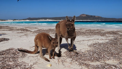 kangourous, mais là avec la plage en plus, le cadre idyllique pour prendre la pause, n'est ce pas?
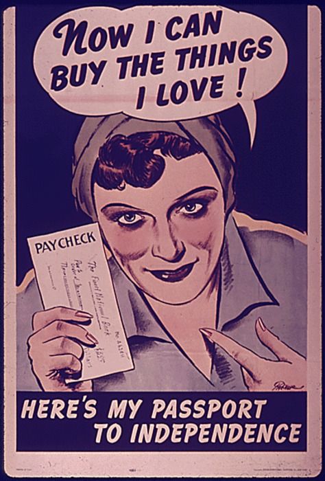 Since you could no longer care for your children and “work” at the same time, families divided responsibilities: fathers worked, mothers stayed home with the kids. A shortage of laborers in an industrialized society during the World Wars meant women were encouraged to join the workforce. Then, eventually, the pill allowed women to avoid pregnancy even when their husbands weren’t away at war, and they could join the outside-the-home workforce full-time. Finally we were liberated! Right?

...

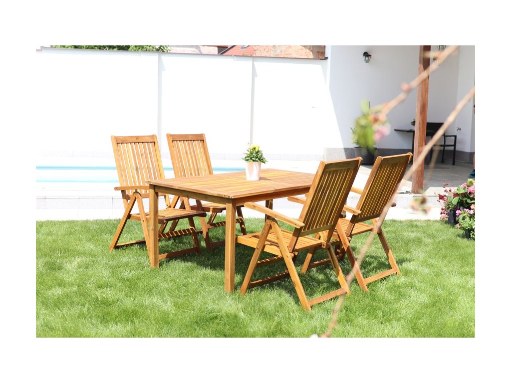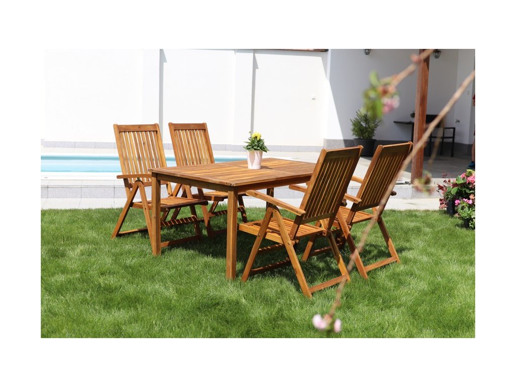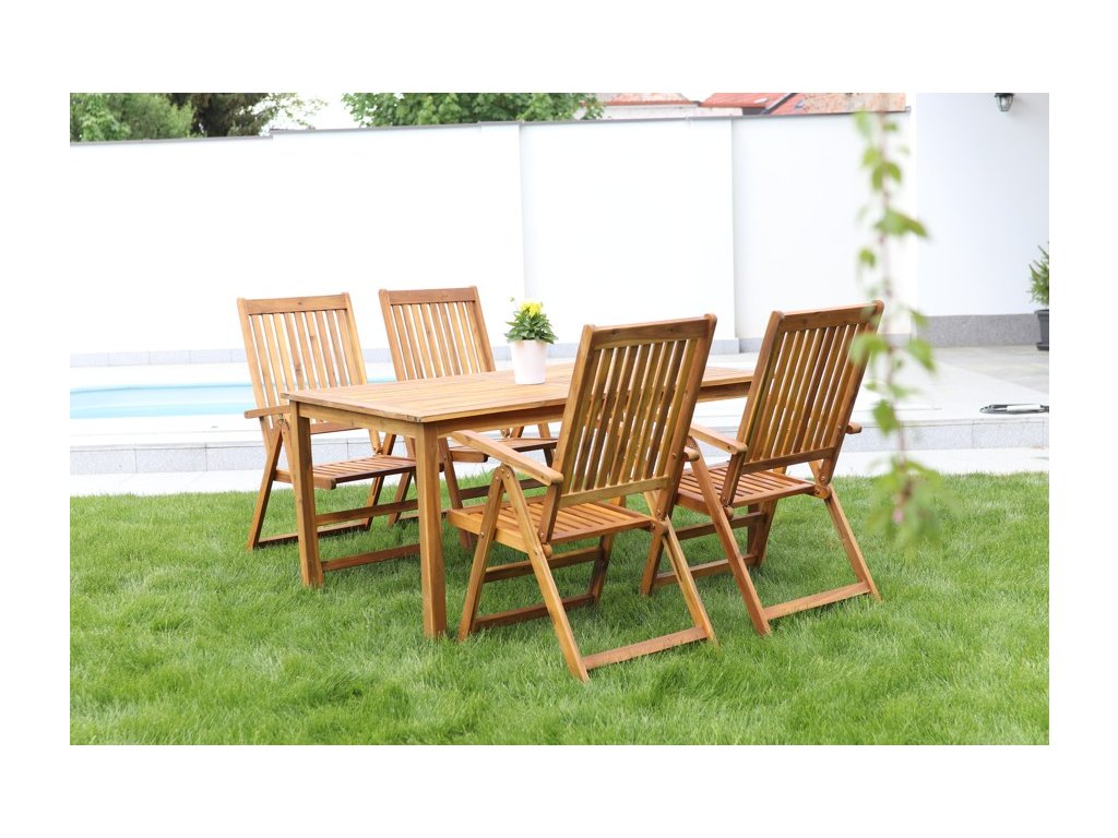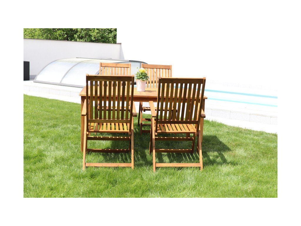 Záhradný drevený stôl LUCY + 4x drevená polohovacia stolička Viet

▸ **What you need to do**
Copy nothing but the lines above that run from the one with "kangourous, mais là" to the one with "Since you could", ends included; pictures stay out.

▸ **Written answer**
 kangourous, mais là avec la plage en plus, le cadre idyllique pour prendre la pause, n'est ce pas?
 Since you could no longer care for your children and “work” at the same time, families divided responsibilities: fathers worked, mothers stayed home with the kids. A shortage of laborers in an industrialized society during the World Wars meant women were encouraged to join the workforce. Then, eventually, the pill allowed women to avoid pregnancy even when their husbands weren’t away at war, and they could join the outside-the-home workforce full-time. Finally we were liberated! Right?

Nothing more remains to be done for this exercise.